Task details:
Set down every line from the one with "Fehér színű fém" to the end of the entries, both ends included, exactly as it reads and without pictures.

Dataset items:
◆ ◆ ◆ ◆ ◆
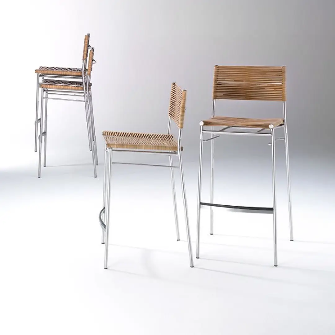 The Miss B Stool by Bonacina translates the same quiet elegance of its classic chair into a sleek bar-height form. Polished steel legs rise to a hand-woven rattan seat and backrest, with a slim footrest completing the picture — a stackable, characterful stool that brings timeless craft to the counter.
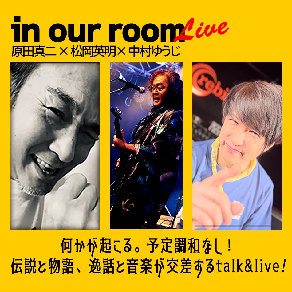 シンガーソングライターの原田真二と松岡英明が、俳優・コメディアン・パントマイマーの中村ゆうじのMCで展開する大パフォーマンス、"in our room"ライブが7月29日(土)19:00、渋谷のライブハウス「LOFT HEAVEN(ロフトヘブン)」で開催される。
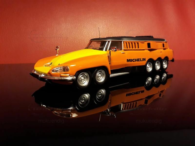 Eine DS wurde auf fünf Achsen umgebaut, beide Vorderachsen sind lenkbar, alle sind hydropneumatisch gefedert.
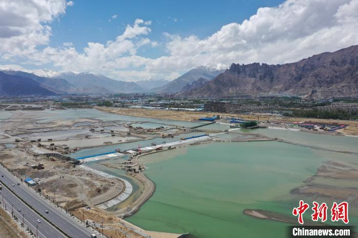 圖為西藏拉薩河河勢控導(dǎo)工程(濱河花園段)成功下閘蓄水 水電基礎(chǔ)局 供圖
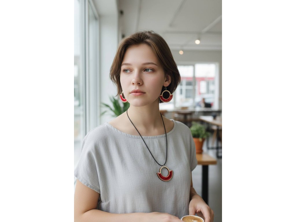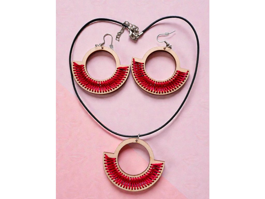 Dřevěný výřez o velikosti 4,5 × 5,5 cm, délka šňůrky 48 cm. Vyšito bavlnkou, bižuterní kov. Náušnice jsou lehoučké jak pírko.
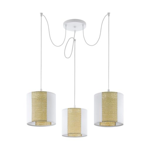 Fehér színű fém vázas függeszték lámpa natúr színű hínár betétes fehér papír búrával.
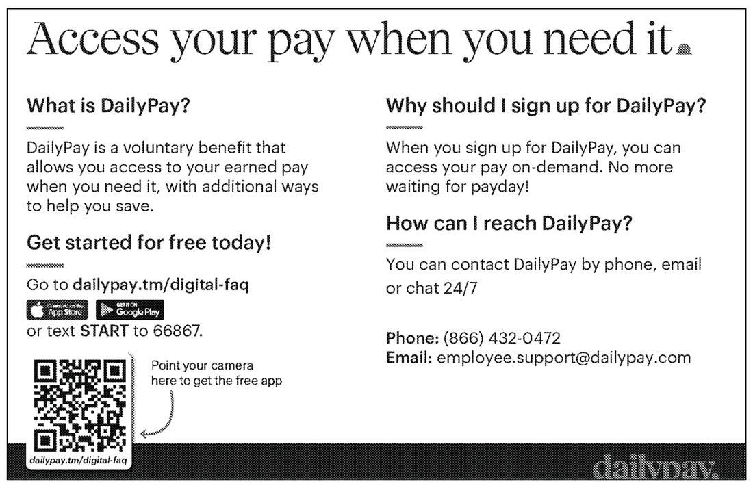 DailyPay, through its employer partners, directed employees to get DailyPay’s “free app” and emphasized that they could “get started for free,” according to the complaint.
◆ ◆ ◆ ◆ ◆
Exercise result:
 Fehér színű fém vázas függeszték lámpa natúr színű hínár betétes fehér papír búrával.
 DailyPay, through its employer partners, directed employees to get DailyPay’s “free app” and emphasized that they could “get started for free,” according to the complaint.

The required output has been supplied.